И он тоже свернул в камыши. В конце концов, ничего смертельного не случилось. Причалил лодку метрах в двадцати от предполагаемой высадки первой группы охотников числом два, присел на корточки, надавил указательными и средними пальцами рук на впадинки под ушами. Так он мог слышать лучше. Даже шепот, если не очень далеко. С войны еще привык, там и особенность эта странная у него выявилась. Будто на кнопки давишь, и включается в башке или, конкретно, в слуховом аппарате некое неведомое дополнительное устройство, внятно усиливающее возможности человеческого слуха. То есть личного слуха Пастуха. У его армейских братанов таких устройств не имелось.
Ясный болт, эксплуатировали командиры Пастуха почем зря. Но чаще всего – не зря.
А и здесь устройство пригодилось, чего и ожидал.
Двое говорили полушепотом.
– Минуты через две-три солнце появится.
– Успеваем.
– Уточки-то как плавают… Прям живые…
– Не отвлекайся. Твой запад, мой восток.
– Годится…
Затихли.
Ветер почему-то пошел, расшевелил камыши.

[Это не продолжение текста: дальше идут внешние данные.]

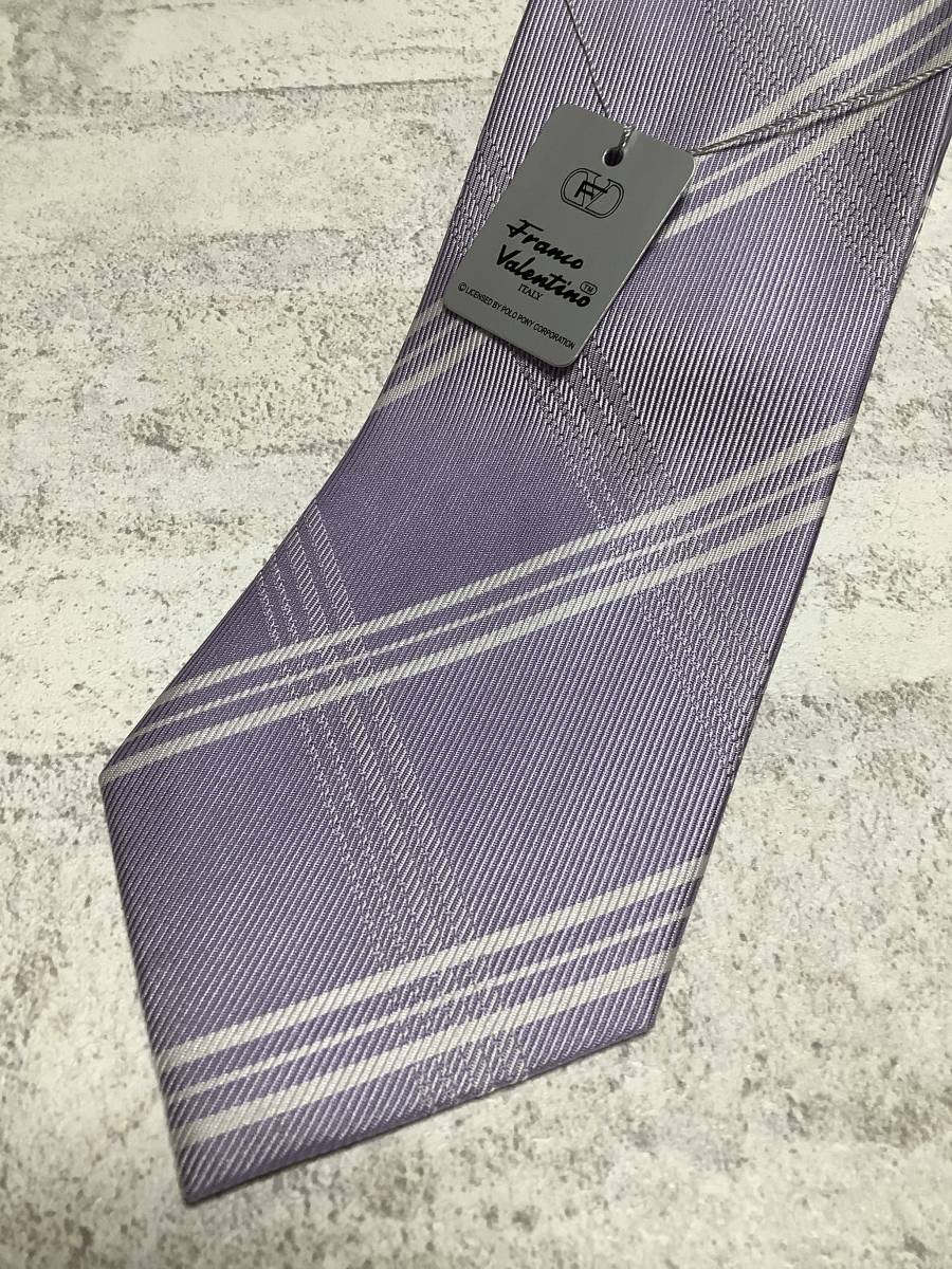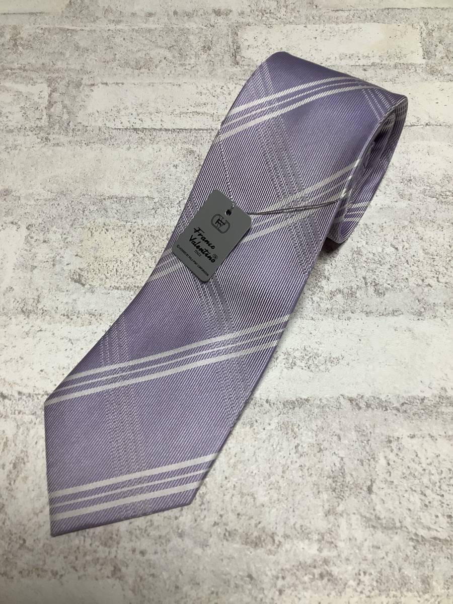 新品フランコヴァレンチノ シルク100%ネクタイ お洒落なパープルチェック お買い得サービス
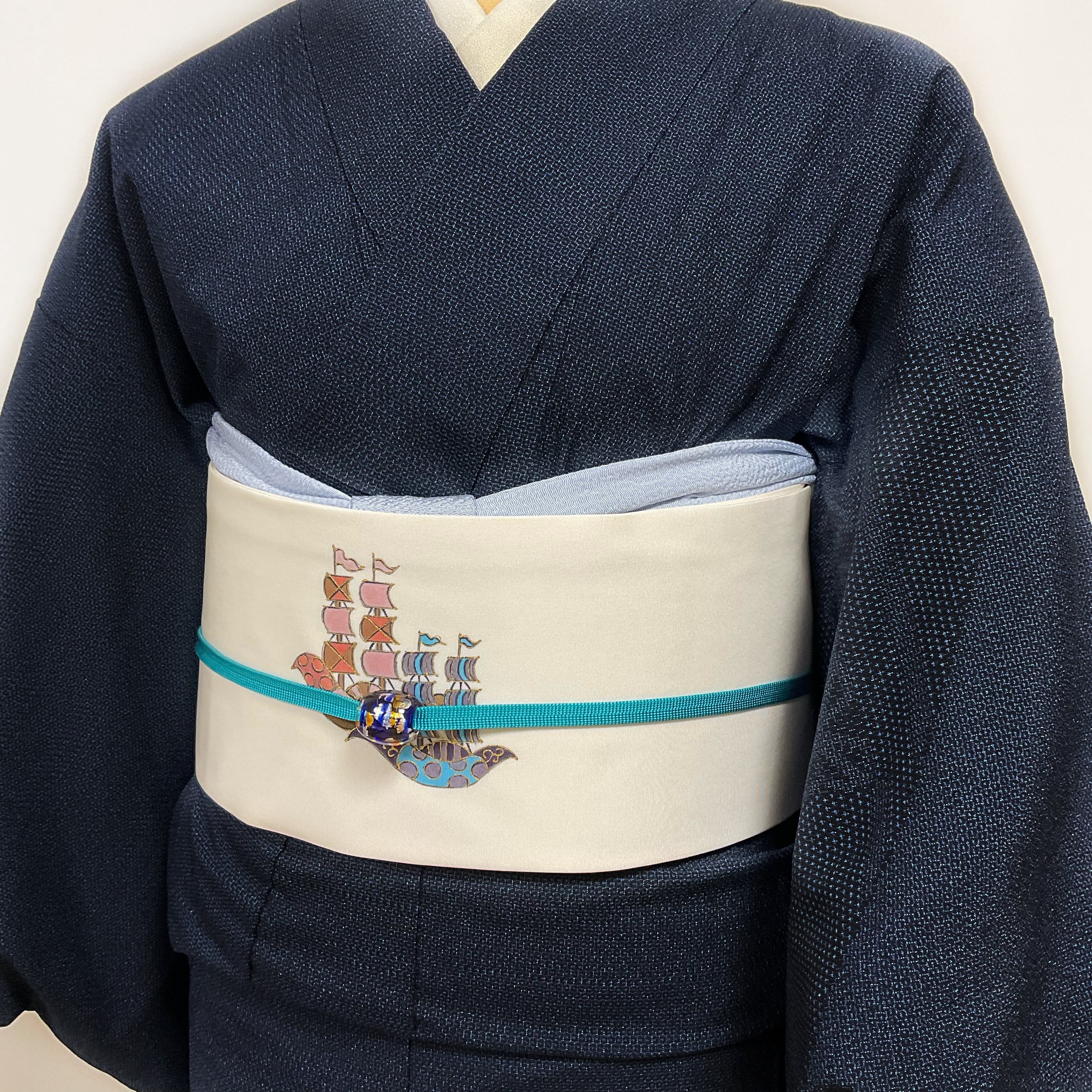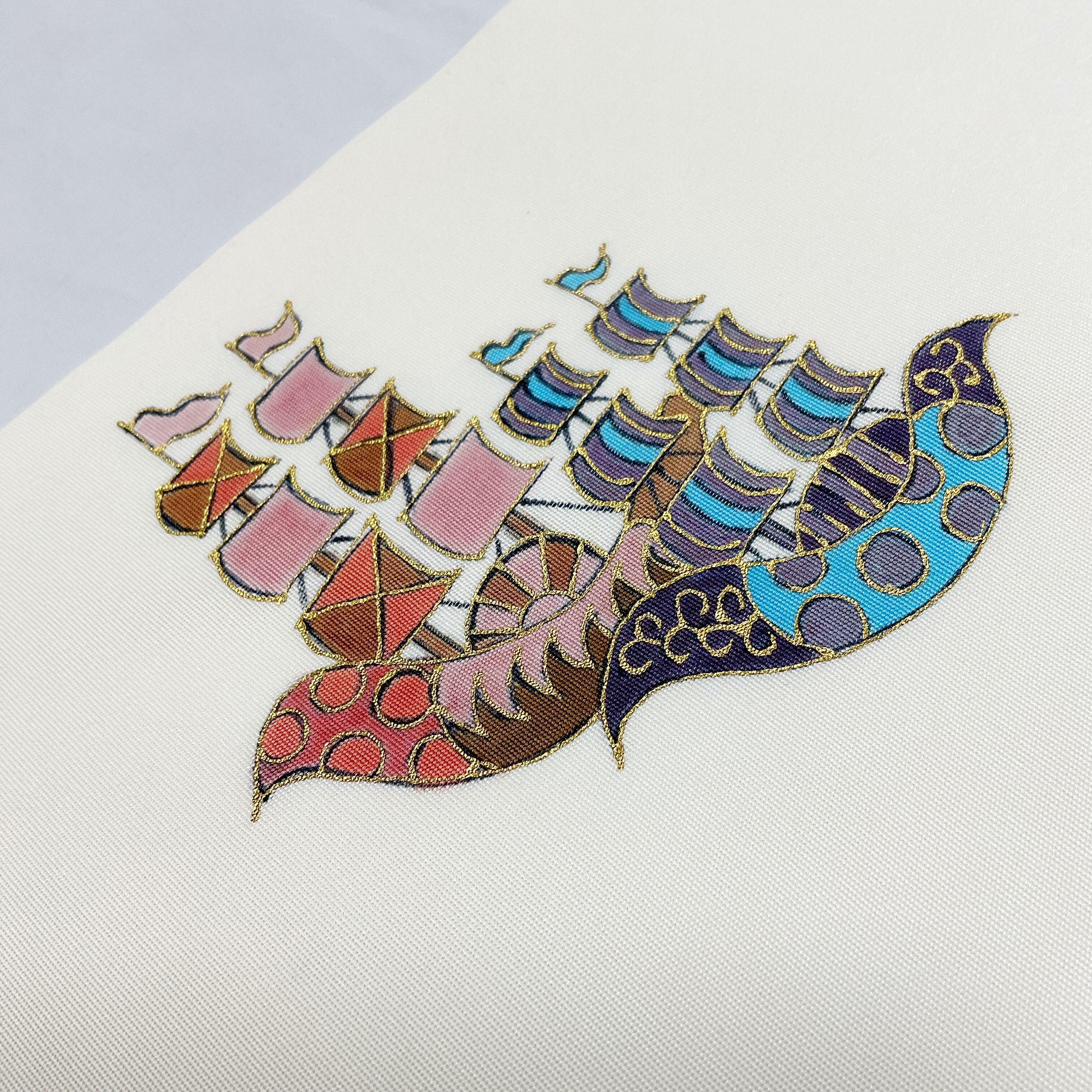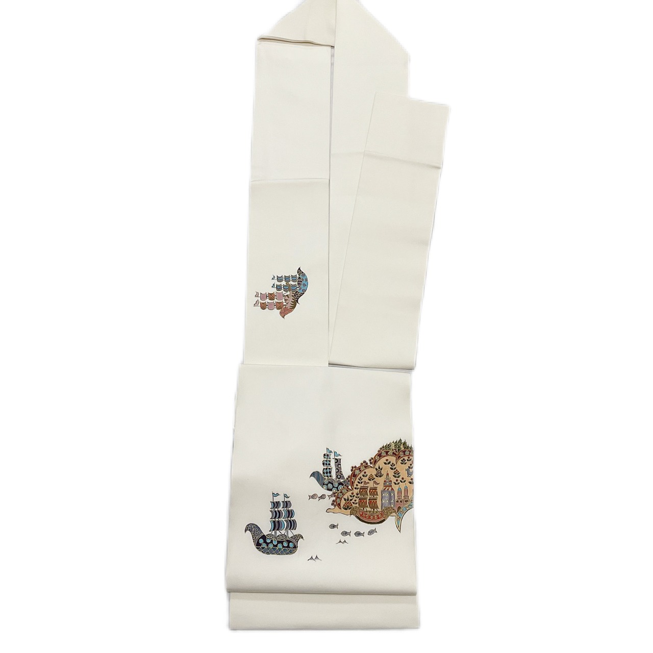 【211552】塩瀬 名古屋帯 象牙色 帆船柄 エキゾチック
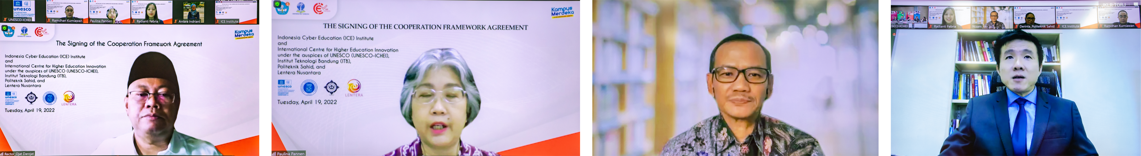 2022年4月19日上午,在印尼驻教科文常驻团副代表Ismunandar大使、印尼教科文全委会主席Itje Chodidjah博士的见证下,联合国教科文组织高等教育创新中心(中国深圳)(下称 “创新中心”)与印尼教育文化研究和技术部高等教育研究技术司、印尼网络教育研究院正式签署国际网络教育学院(International Institute of Online Education, 简称IIOE)协议,在印尼设立IIOE国家中心。与此同时,印尼万隆理工学院、萨希德职业技术学院、“Lentera Nusantara”学习平台分别与印尼IIOE国家中心签订协议,共同建设IIOE优质在线教育资源。新冠疫情爆发以来,印尼全国4500所高等教育机构都面临长期开展在线学习的挑战。由此,印尼政府发起了设立印尼网络教育研究院的国家级举措,协调和调动全国高等教育资源,帮助本国高等教育在疫情期间实施在线学习、为在线教育的新常态提供支持、为国家提供政策建议。 印尼网络教育研究院院长Paulina Pannen教授发言指出,印尼网络教育研究院在教育部的支持下集成了本国的优质在线高等教育资源,重视伙伴关系并形成
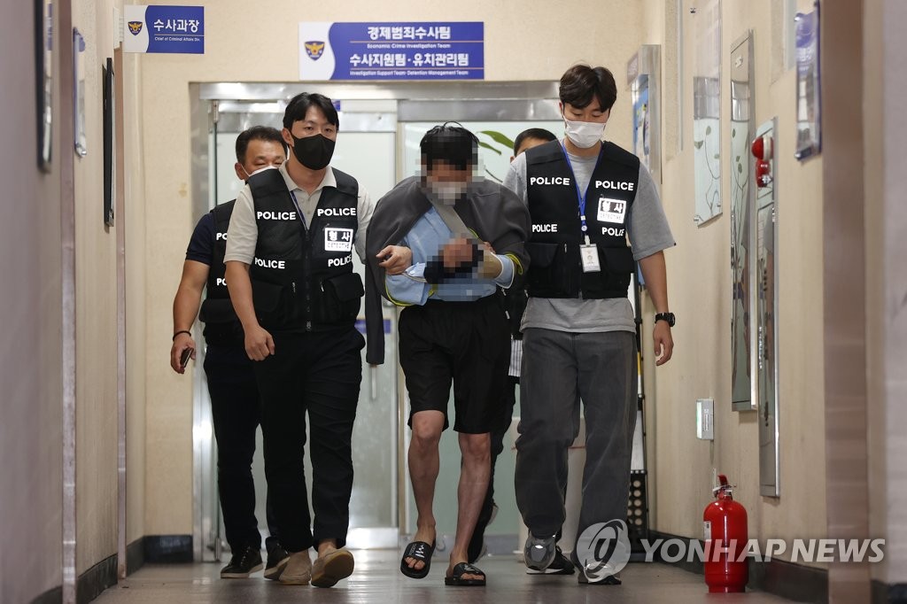 | ▲ The 31-year-old suspect in the murder of a female Seoul Metro employee at Sindang Station on Line No. 20 shows up for a court hearing at the Seoul Central District Office on Sept. 16, 2022, two days after the alleged murder. (Yonhap) |
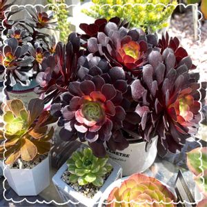 🏷9日は黒法師の日に参加させてくださいね😊 ⬅️メル○リで「チョコレート」と言う 名前で狩った子。狩ったときは、カット✂️苗で、エケベリアとしてでていました。 頭だけで丸かったので、アエオニウムに見えませんでした。成長してきて「黒法師やん⁉️」と、びっくりしました。 ➡️松阪フラワーセンターでお迎えした寄せ植えに入っていた子です。 一時期、左の子とほぼ同じ姿でしたが、 置き場所違うとこんなに差がぁ〜
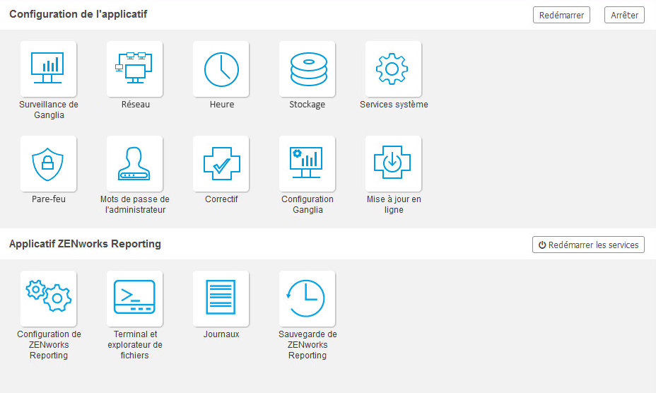 Redémarrer l'applicatif et ZENworks Reporting
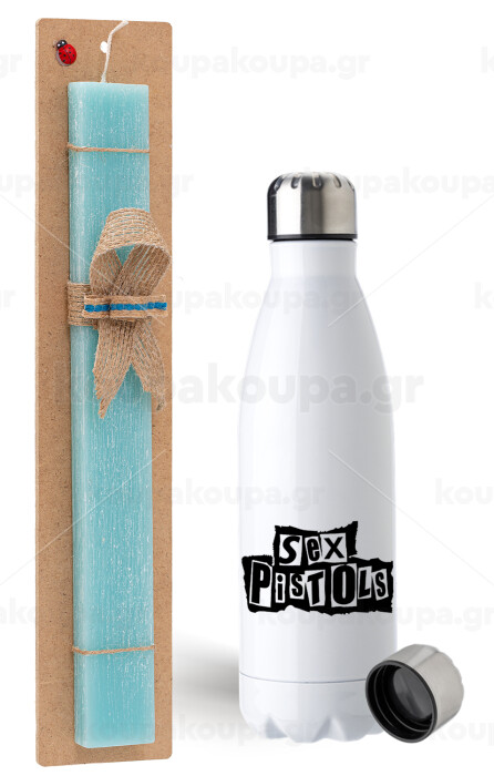 Sex Pistols, Πασχαλινή Λαμπάδα με μεταλλικό παγούρι ανοξείδωτο (750ml) & κερί αρωματικό πλακέ (30cm) (ΤΙΡΚΟΥΑΖ)
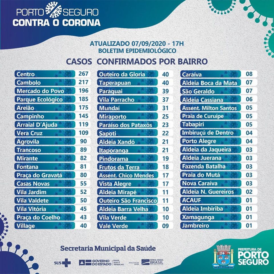 Porto Seguro apresenta um quadro de 2.613 casos positivos, dos quais 2.230 pessoas estão curadas; 323 pacientes em quarentena domiciliar; 10 pacientes internados; 18 pessoas aguardando resultado de exames e 50 óbitos. A Secretaria Municipal de Saúde segue monitorando 3.857 pacientes com sindrome gripal.
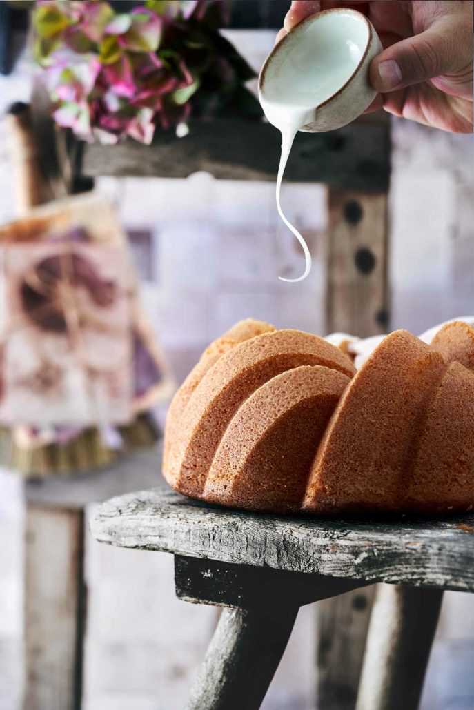 Mit der restlichen Flüssigkeit und Puderzucker eine dicke Glasur herstellen und über den Kuchen geben.
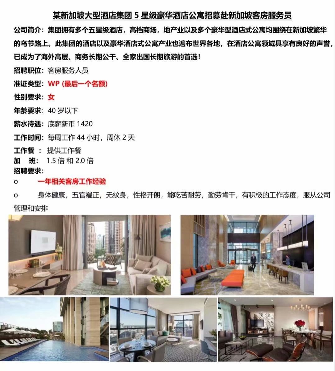 新加坡《五星级酒店》女客房服务员招聘
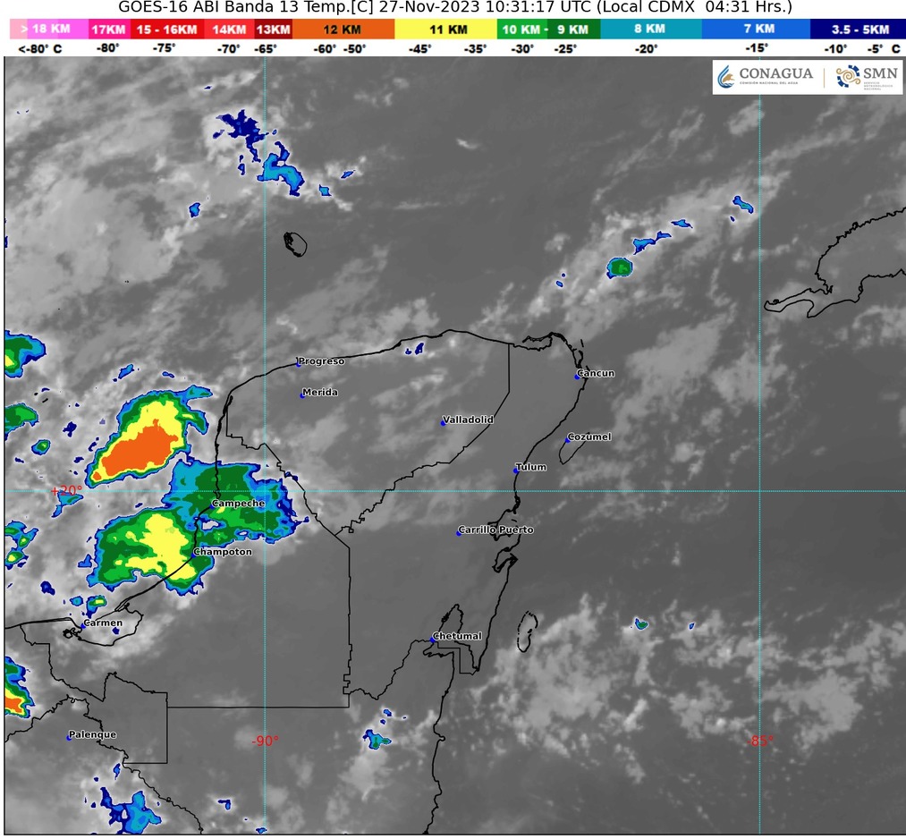 Para la Península de Yucatán habrá cielo medio nublado a nublado con lluvias muy fuertes en Campeche y Yucatán, así como fuertes en Quintana Roo; mismas que podrían incrementar los niveles de ríos y arroyos, ocasionar deslaves, inundaciones y encharcamientos

Два взрослых грубоватых голоса. Не тех, кто нужен. Те голоса Пастух помнил. И папин, и сына.
Можно уходить.
Он с некой тоской глянул на оставленную лодку. Нельзя на ней. Увидят – раз, а два – маневра нет. Значит – через камыши на бреющем полете. Где наша не пропадала!..
Ветер по-прежнему шумел в камышах. И Пастух воспользовался этим несильным, но не прерывающимся шумком, и медленно, чуть не по воздуху над мягкой, камышом же крытой землей пошел вглубь, отдалившись метров на десять от воды, свернул вправо, там камыш почему-то был реже, прошел-пробежал на цырлах метров сто – сто тридцать, а может, и больше – трудно было в этом шуршащем лесу засечь расстояние! – и будто бы поймал слово на лету.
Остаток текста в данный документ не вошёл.